(Given data):
=== Begin Enclosure ===

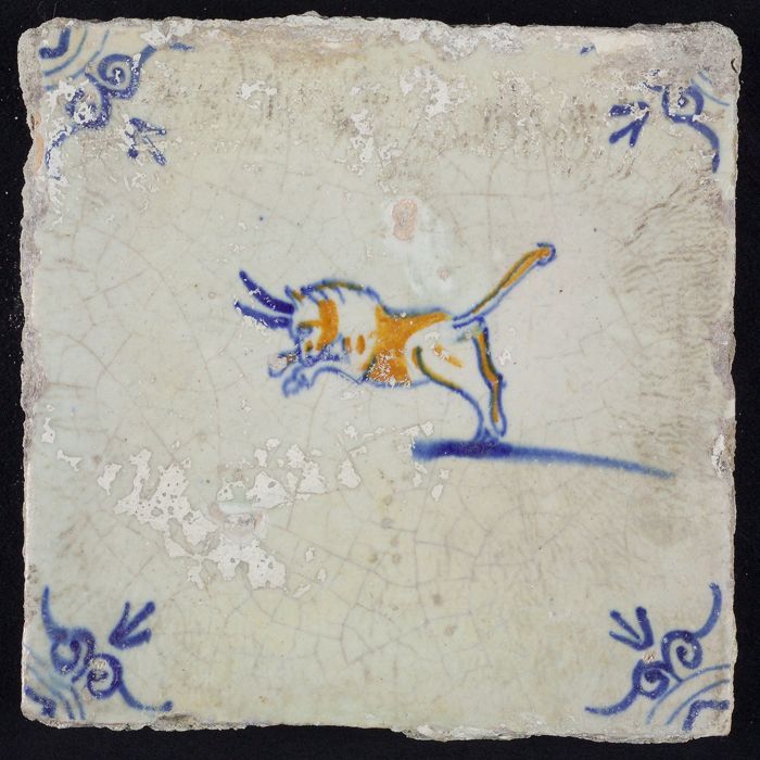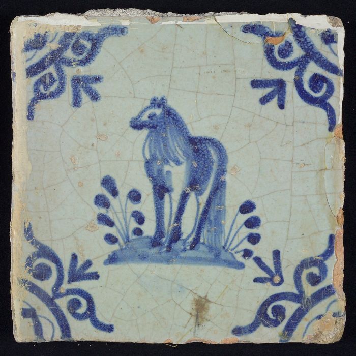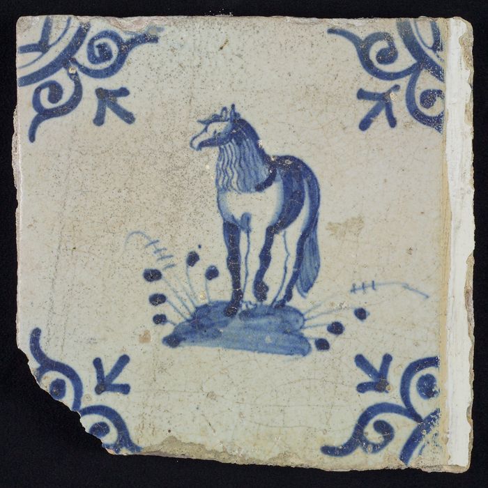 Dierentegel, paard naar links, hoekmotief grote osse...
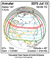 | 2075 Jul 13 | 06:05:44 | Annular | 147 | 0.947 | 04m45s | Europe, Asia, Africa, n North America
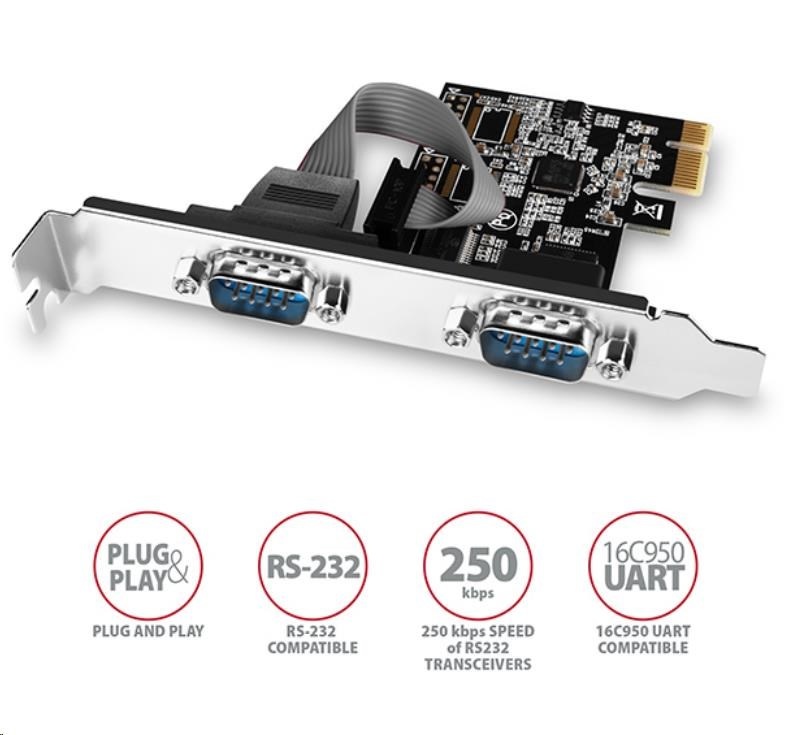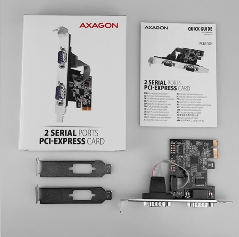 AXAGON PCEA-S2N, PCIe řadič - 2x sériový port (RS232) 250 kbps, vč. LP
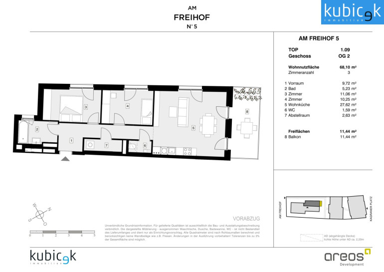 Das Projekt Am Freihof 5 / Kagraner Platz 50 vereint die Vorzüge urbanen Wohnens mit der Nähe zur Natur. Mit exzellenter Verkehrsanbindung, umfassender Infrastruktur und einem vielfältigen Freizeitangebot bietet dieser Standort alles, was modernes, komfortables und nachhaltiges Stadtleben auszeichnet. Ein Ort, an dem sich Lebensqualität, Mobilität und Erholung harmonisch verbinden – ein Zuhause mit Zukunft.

=== End Enclosure ===

(What this task involves):
Transcribe every line from the one containing "AXAGON PCEA-S2N, PCIe" to the end of the listing, exactly and exclusively. Do not carry any picture over.

(Response box):
 AXAGON PCEA-S2N, PCIe řadič - 2x sériový port (RS232) 250 kbps, vč. LP
 Das Projekt Am Freihof 5 / Kagraner Platz 50 vereint die Vorzüge urbanen Wohnens mit der Nähe zur Natur. Mit exzellenter Verkehrsanbindung, umfassender Infrastruktur und einem vielfältigen Freizeitangebot bietet dieser Standort alles, was modernes, komfortables und nachhaltiges Stadtleben auszeichnet. Ein Ort, an dem sich Lebensqualität, Mobilität und Erholung harmonisch verbinden – ein Zuhause mit Zukunft.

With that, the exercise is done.